STJ 'alivia' órgãos de proteção ao crédito

Marcelo Moreira

25 de setembro de 2009 | 22h53

JOSUÉ RIOS – JORNAL DA TARDE

O sr. Furtado, o Consumidor, foi “presenteado” com a “negativação” do seu nome no órgão de proteção ao crédito e ficou indignado porque não foi notificado previamente antes de ser “fichado”. E tem toda razão o sr. Furtado.

A obrigação de notificar previamente o consumidor está expressamente prevista no artigo 43, parágrafo 2º, do CDC. Ou seja, consta da norma que “a abertura do castro no órgão de proteção ao crédito(negativação) deverá ser comunicada por escrito” ao consumidor, antes que seja incluído na lista dos devedores.

A notificação prévia tem como objetivo dar ao consumidor a chance de evitar a restrição ao seu nome perante o comércio – seja pagando o débito ou impugnando a existência da dívida. Trata-se, pois, de medida justa e necessária à proteção do consumidor.

Até porque sabemos que a negativação representa hoje uma grave mácula à vida civil (à cidadania) do consumidor, que fica banido até mesmo do acesso ao trabalho ao se tornar mais “fichado” nos órgãos de proteção ao crédito.

Explicada a relevância da notificação prévia do devedor, vamos a uma notícia boa e duas ruins (aliás, péssimas) vindas da Justiça sobre o assunto.

A boa informação se refere ao fato de que praticamente todos os juízes e tribunais concordam que os órgãos de proteção ao crédito estão, realmente, obrigados notificar o devedor previamente e devem pagar indenização por danos morais, caso não cumpram a obrigação.

Quanto às duas notícias ruins, delas também podemos tirar lições, como veremos. A primeira má informação diz respeito a uma decisão do Superior Tribunal de Justiça(STJ), proferida a semana passada, que dispensa os órgãos de proteção ao crédito de comprovar que remeteram a notificação ao prévia ao consumidor, mediante aviso de recebimento(AR).

Dessa forma, a partir de agora, órgãos como a Serasa e o SPC estão dispensados de comprovar, mediante a apresentação de AR, que o consumidor recebeu a notificação. Ou seja, comprovada a simples remessa da correspondência, o assunto está encerrado e a negativação do nome do consumidor será considerada válida.

Conclusão: toda vez que o devedor de um banco ou loja mudar de endereço, terá de informar o novo destino de sua moradia ao credor da dívida. Tal providência não representa uma obrigação legal, mas um conselho de amigo.

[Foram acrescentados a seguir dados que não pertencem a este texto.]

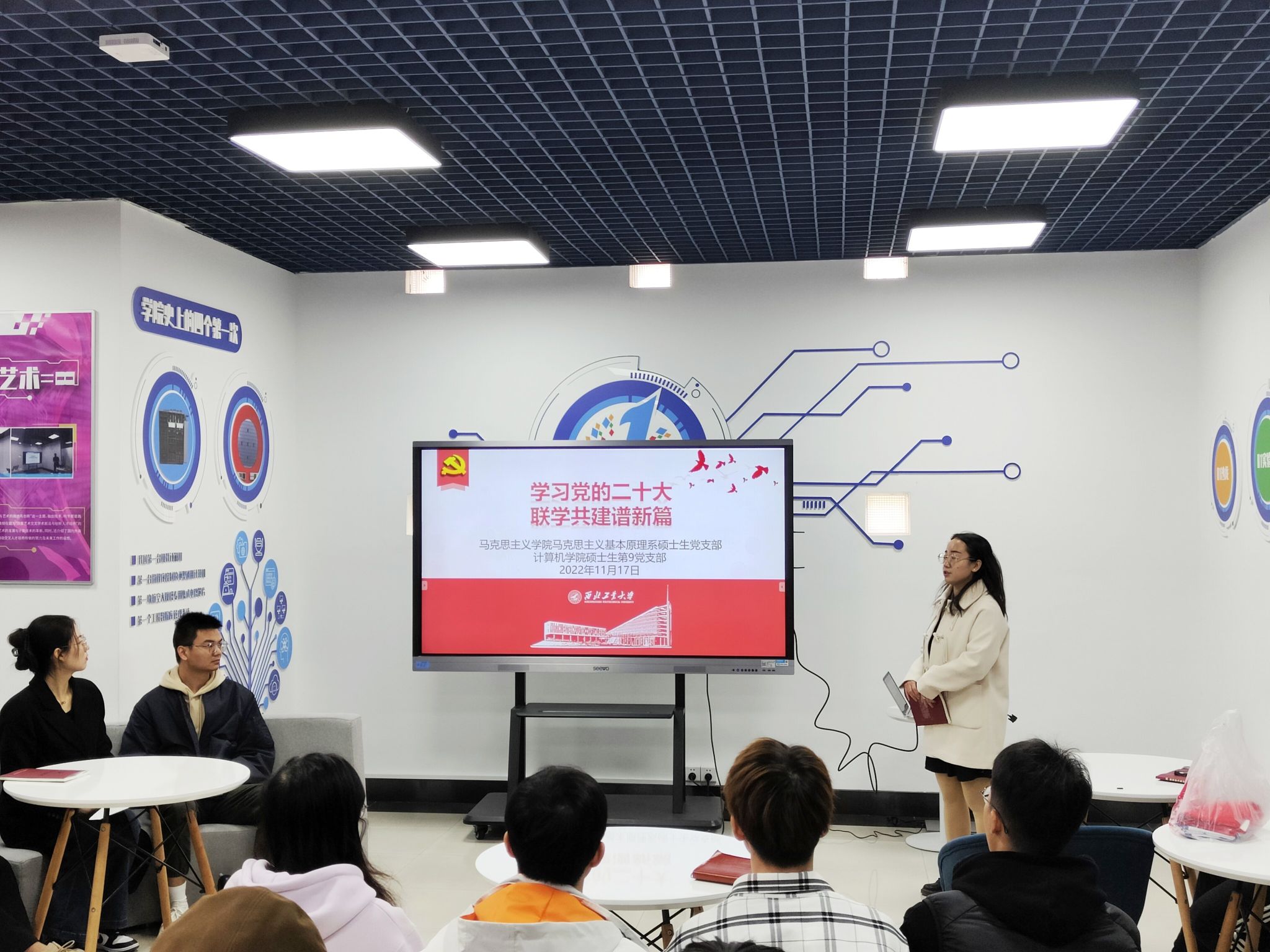 为深入学习贯彻党的二十大精神,在员工党员中掀起学习热潮,进一步推动党的二十大精神入脑入心、落实落地,2026年国际足联世界杯马克思主义基本原理系硕士生党支部和计算机公司研究生第九党支部联学共建,11月17日10点在计算机公司党员活动室开展“学习党的二十大,联学共建谱新篇”主题党日活动,本次会议由马克思主义基本原理系硕士生党支部书记王慧新主持。

Isto porque, de posse do endereço atual do devedor, se o credor da dívida solicitar a negativação do seu nome, mas informar ao órgão de proteção ao crédito o endereço antigo do consumidor – e, por isso, este deixar de ser corretamente notificado – o credor da dívida será o responsável pela falha, ou seja, pela negativação sem o aviso prévio do consumidor.

E, tendo cometido o citado erro, o credor deverá pagar ao consumidor a indenização por dano moral, que antes da decisão do STJ era de responsabilidade do órgão de proteção ao crédito.

O fato é que o STJ, com a decisão citada, facilitou em muito a vida dos órgãos de proteção ao crédito, prejudicando o consumidor que, apenas se o credor cometer a falha referida acima, poderá ser indenizado pela negativação sem o aviso prévio, que é uma medida justa como já explicamos.

A segunda noticia ruim vinda do STJ, que já comentamos na coluna de 6 de junho deste ano, refere-se ao fato de que, de acordo com outro veredicto da Corte, um consumidor que já tem negativação antiga e sofre nova restrição, ainda que esta última seja ilegal, perde o direito de ser indenizado, o que parece um absurdo.

O problema é que tais entendimentos do STJ representam a palavra final da Justiça sobre o assunto, e vale para todos os tribunais, em razão de um mecanismo legal recente, que autoriza o STJ a consolidar a jurisprudência em assuntos polêmicos.